If you haven't heard by now that 800-pound gorilla Lucent Technologies will buy young, hip Yurie Systems for $1 billion, you missed last week's hottest technology news.

Along with that news is the fact that Jeong Kim, Yurie's founder and chief executive, just became the richest man in Landover, Md. Net worth - in cold, hard cash - is $510 million for the 37-year-old entrepreneur. OK, so that might make him one of the richest people in the country, not just in Landover.

Anyway, an interesting codicil is being written into the deal between Murray Hill, N.J.-based Lucent and Yurie. Kim and three other top executives at Yurie must take part of their cash payment and buy Lucent stock. Why, then, didn't they save themselves some capital gains tax dollars and do a cash/stock deal instead of a cash deal with a reinvestment clause?

Let's take a step back for a moment. There are typically two ways one tech company can pay for another: cash or stock. The cash deal advantages are you have less regulatory hoops to jump through in completing the transaction, and you don't have to worry about the value of cash falling quite as drastically as stock prices. Cash deals can be completed faster because they are less complex than transfers of stock or dilution of stock by creating more of it.

But buying another company with stock has its advantages, too. Only a few huge companies have a rich enough balance sheet to afford to pay $1 billion in cash. Paying with stock is like buying an automobile with your Visa card: You can afford a lot more if you don't have to use greenbacks.

Plus - and this is the kicker - if you pay the acquirees with your company's stock, they will work a lot harder for you, trying to appreciate that stock value. They have a vested interest in your company.

Back to Lucent and Yurie.

Everyone is cheering Kim and his fellow executives for getting a great price for Yurie: $1 billion for a 6-year-old company that generated $51 million in revenue last year.

Sure, Kim and his colleagues deserve a lot of credit. They made a very valuable something out of nothing. But Lucent gets to have its cake and eat it, too. Lucent can close the deal quickly with a cash purchase and also get Yurie's vested interest with a reinvestment clause.

Asked for details on the reinvestment clause, Bill O'Shea, president of Lucent's Data Networking Systems group, would only say that it involved Kim and three other top managers. "We have a strong stock and a strong cash position," he said. "We wanted to get this [deal] done as quickly as possible."

He went on to say that the two companies only started talking less than one month before the deal was announced.
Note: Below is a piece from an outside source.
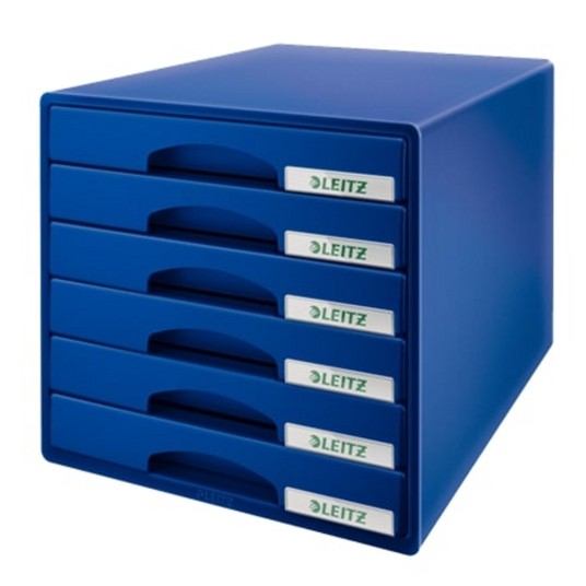 Pojemnik na dokumenty LEITZ PLUS z sześcioma szufladami, wykonany z trwałego tworzywa, w kolorze niebieskim. Idealny do organizacji dokumentów w biurze, oferuje łatwy dostęp i przejrzystość dzięki różnej wysokości szuflad. Solidna konstrukcja zapewnia długotrwałe użytkowanie.

The deal should close this month. Elapsed time: less than two months.

Both O'Shea and Kim declined to comment on how much money the Yurie executives would have to invest in Lucent. Kim only said: "It shows we are on the same side."

However, there are a couple of drawbacks to this deal from Yurie's perspective.

Most importantly is the tax issue. If paid in stock, Kim and his fellow executives would not owe any taxes until they sold that stock. But with cash, they owe the capital gains taxes this year, not to mention future capital gains on their new Lucent stock investment.

Also, if you have to buy a stock, you usually want to do so when it is undervalued. Not that Lucent's stock price will never appreciate from its May 1 close of $75.06. But the stock is trading at an all-time high, having shot up more than 80 percent in the past four months alone. Just this week, Barron's labeled Lucent as one of the most overpriced stocks on the market.

At least one analyst, Philip Sirlin of Schroder & Co. in New York, has downgraded his rating on Lucent from "buy" to "hold."

Granted, Kim and his cohorts are sitting on mounds of cash but taxes and investment stipulations will take a big bite.